Follow these simple directions.....

--Go to Google.com

--Click on Maps.

--Click on get Directions.

--From New York,New York

--To Paris, France.

--And read line # 23.


----------



## mswalt (Sep 14, 2004)

> And read line # 23.


Whew, I think that would be awfully tiring! Wonder how long it would take to get there?









Mark


----------



## GoVols (Oct 7, 2005)

Those wacky guys at Google do have a sense of humor.


----------



## mike (Dec 17, 2006)

that was a good for a laugh in the morning, thanks


----------



## Humpty (Apr 20, 2005)

mswalt said:


> > And read line # 23.
> 
> 
> Whew, I think that would be awfully tiring! Wonder how long it would take to get there?
> ...


accoring to google - "(about 29 days 7 hours)" LOL


----------



## jbwcamp (Jun 24, 2004)

Thats too funny!


----------



## shake1969 (Sep 21, 2004)

Heh, heh.

Then make sure you contact somebody at the Guiness Book of World Records.

I don't think anybody has done that before.


----------



## mv945 (Jul 18, 2006)

No wonder Oregon Camper won't make it back in time for the PNW rally..


----------



## OregonCampin (Mar 9, 2007)

That is very amusing! Those Google folks are FUNNY - Did you see their April Fool's Joke this year??? CLICK HERE.....OH PLEASE CLICK HERE


----------



## Oregon_Camper (Sep 13, 2004)

mv945 said:


> No wonder Oregon Camper won't make it back in time for the PNW rally..

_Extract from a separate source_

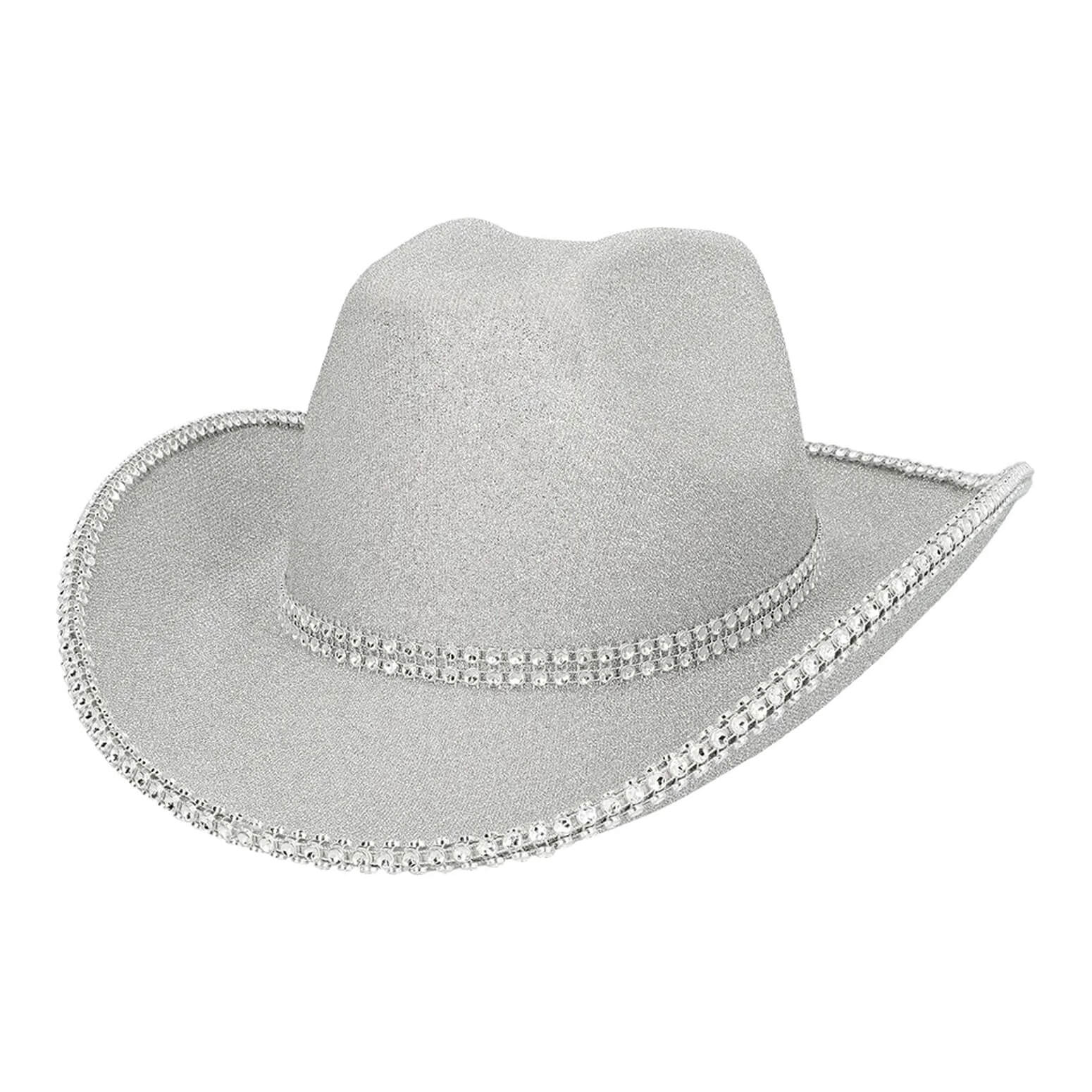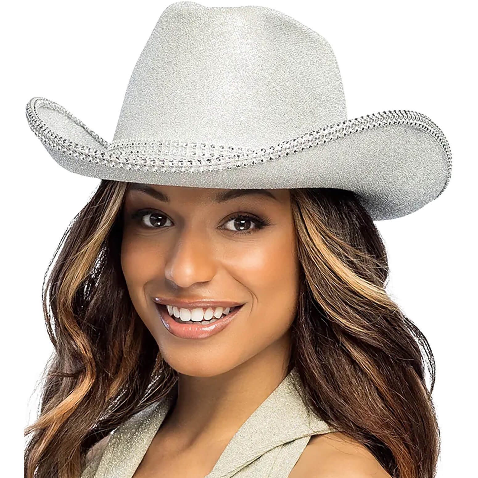 Cowgirl Cowboy / Festival Cowboyhut mit Strass und Glitzer CHARLY silber

Whew....I will be one tired camper by the time I go there and back....


----------



## N7OQ (Jun 10, 2006)

That it to funny, both My DW and I got a good laugh,







Thanks


----------



## Calvin&Hobbes (May 24, 2006)

Type in "french military victories" and see what happens...


----------



## hatcityhosehauler (Feb 13, 2004)

That was funny...both Y-guys search and Calvin&Hobbes search...

I also checked Edinburgh, Scotland. A place I would much rather visit then Paris, and line 23 was essentially the same.

Tim


----------



## Oregon_Camper (Sep 13, 2004)

hatcityhosehauler said:


> That was funny...both Y-guys search and Calvin&Hobbes search...
> 
> I also checked Edinburgh, Scotland. A place I would much rather visit then Paris, and line 23 was essentially the same.
> 
> Tim


That is FUNNY!!!!

Those guys are having too much fun...guess you can do that when you're zillionaires.


----------



## Lady Di (Oct 28, 2005)

Just saw this.

That's a lot of swimming!


----------



## Husker92 (Feb 11, 2006)

That's pretty funny!


----------